10.社会復帰と再入院


帰って来た時は嬉しかったですね〜。
実は退院する前に何度か試しに家に帰らせて貰ってます。
そうして普通の生活に支障がないかチェックするのです。
最初に驚いたのは、体力の低下でした。ずいぶん元気になっているのではないかと思っていたのですが、まず、駅の階段で足が止まってしまいました。
筋肉がまったく減っていまして、たかだか5段位で降りる事も上がる事も出来なくなってしまったのです。
あと、一気に痩せてしまった為、骨が痛いんです。
座ると尾てい骨が痛いんですね〜。クッションのある椅子なら平気だけど、駅の堅いあの椅子は拷問で、身体が辛いのに座れないという………(涙)

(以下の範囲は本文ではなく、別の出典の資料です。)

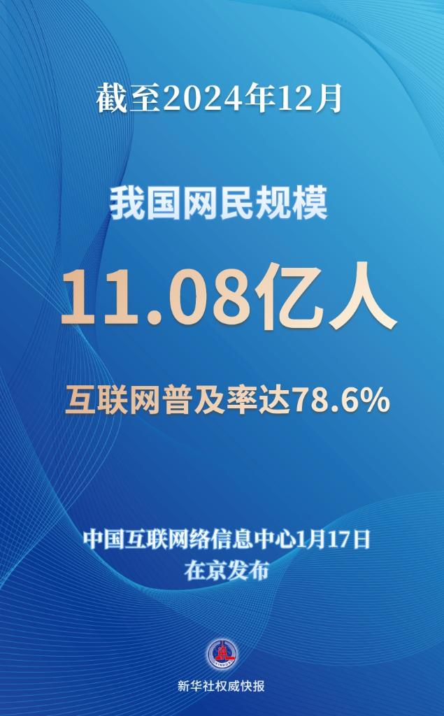 中国互联网络信息中心1月17日在京发布第55次《中国互联网络发展状况统计报告》。报告显示,截至2024年12月,我国网民规模达11.08亿人,较2023年12月增长1608万人,互联网普及率达78.6%。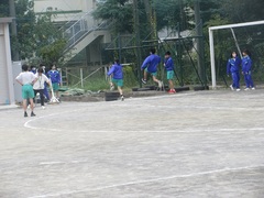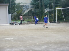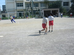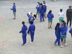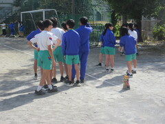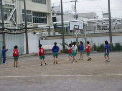 今日はハンドボールをしていました。狭い校庭でも十分な運動量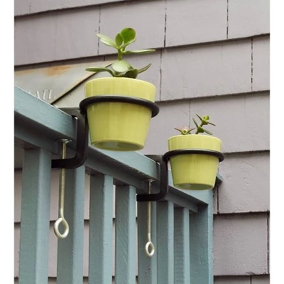 - SET OF 2 CLAMP ON HOLDERS FOR RIMMED FLOWER POTS: Whether youโre a fan of orchids, petunias, marigolds, or geraniums, these wrought iron pot holders are ideal for holding flowers and plants and taking advantage of vertical gardening space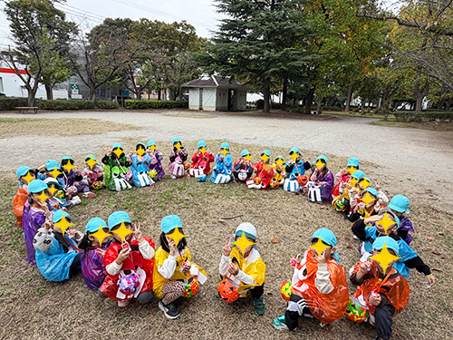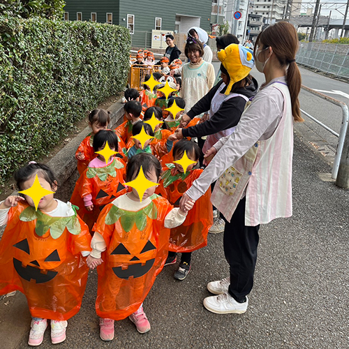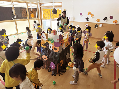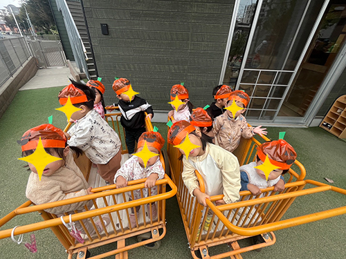 ホーム2025年11月ハロウィン🎃 ハロウィン🎃 今年のハロウィンはおばけに取られてしまったお菓子を取り返すゲームに挑戦しました!クラスのお友達と協力し無事にお菓子を取り返すことができました。 お菓子は公園やテラスで食べました。📸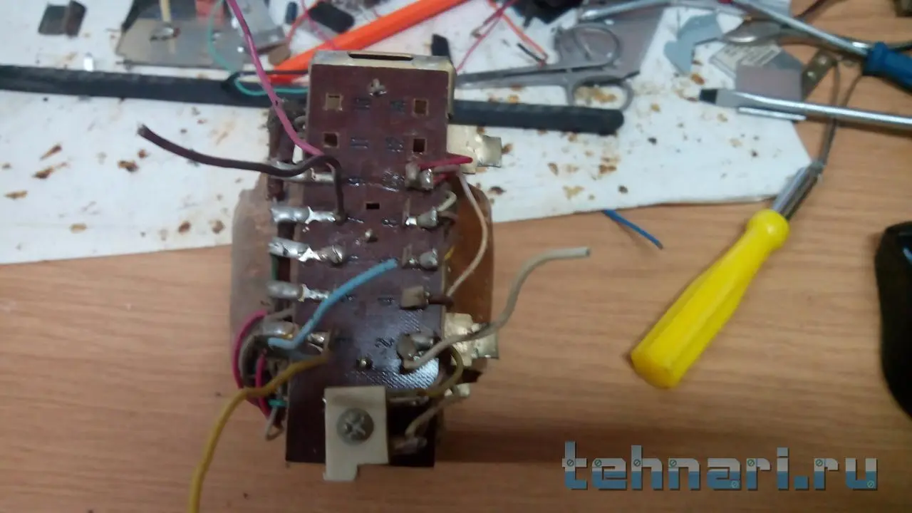 Вся первичка распаяна на октальном гнезде. На белую колодку приходит 127 вольт, для проигрывателя( половина первички).

で、退院して最初にした事は、とにかく体力復活でした。
実は真夏だったんですよ。8月の5日ごろだったんじゃないかと思います。
真夏の炎天下に、毎日一駅ぶんぐらい歩いてスーパーに寄って帰ってくる生活でした。
とにかく早く元に戻さないと、イベントに間に合いませんからね。たぶん目標がはっきりしてるんで頑張れたのだと思います。
しかし、一駅先のスーパーに行って帰って来るって事は、毎日無駄な買い物をしてるって事です。ちょっと太りました。あんまりお勧めしません(苦)
どうにかこうにか、イベントはトラブルも無く、楽しく過ごす事が出来ました。
何しろ癌ネタがあるので、皆に話も受けましたしね(>v<)g!


そして再入院の日はすぐさまやって来ました。
ストーマ除去です。けっこう痛いしお金はかかるし、わりと気を使うので、早く取りたかったのですが。
が、せっかく自由を謳歌してたのに、また全身麻酔で手術ですから、そりゃ気分もどんよりです。
医者に「部分麻酔でどうですか」と聞いたら、即効「吐くよ」と返されました。
腸をいじる為には、お腹を開けて胃を横に出して、子宮を避けて………、といじりまくるそうで、戻しちゃうんだそうです。
しょうがないから、また脊髄麻酔を我慢して全身麻酔決定です。
今回は元気でしたので、手術までがばがば飯を喰い、看護士さんにも呆れられる始末。
手術後に地獄の苦しみが来るとは、その時は露程も考えてはいませんでした。

手術は簡単に終りました。3時間ぐらい? これは前後1時間は麻酔を掛けて、ぬけるだけの時間ですから、実質1時間で終っています。
脊髄麻酔は、今度は屈んで背骨を伸ばす事が出来たので、一ヶ月前とは比べ物にならない程あっさりと終り、また「これが最後の情景になるかも知れん」と、覚悟して全身麻酔をしたんです。
でも今度は軽い手術でしたから、ICUにもいかずにもう病室に戻っていました。
が、その時は、死ぬかと思う苦しみで目が目が覚めました。
実は例の、麻酔をかけると出てくる痰。あれが絡んでいたんです〜(涙)
が、顔に付けられた酸素吸入器がじゃまで喋れません。どうにか手話で喉を指差すと、看護士さんが「ああ、吸引?」と管でガボガボと吸い取ってくれまして、どうにか生還する事ができました次第です。ちょっと情けない。
ちなみにそれ以来、すっかり痰はきが上手くなりまして、いまでも免疫細胞や白血球やリンパが死んで喉に絡んで来るとか〜か〜吐いて捨てています。あれは死んだ細胞なんですから、皆さんも飲み込んだりしない方がいいですよ。


しかし、大変なのはその後です。
腸の手術でしたから、また絶食絶飲になってしまいました。
悲しかったけどしょうが在りません。
が、何も食べていないのに、毎日ひどい下痢状態でした。
何で何も食べて無いのに。何が出るんだと思ったら、腸液とか老廃物が出てくるそうなんです。
いやでも、これはちゃんと腸が繋がった証拠なのですから、本当に嬉しかったのです。
なんせトイレ使うの3ヶ月ぶりぐらいでしたからね。
でもこれが毎日数十分置きに来るんですからやっぱ辛い。
大変でした。いきなり切れ痔です。とほほ。
医者に泣きついて、ゆる〜い下痢止めとか痔の薬とか出してもらいました。
でも食事が始まり固形物を食べるようになると、段々固まって来ますので、どうにか危機を脱する事が出来まして、無事に無罪放免となったのでございます。


しかし私はその後大失敗をしてしまいます。
一年も経たない内に、再入院再手術となってしまったのでした。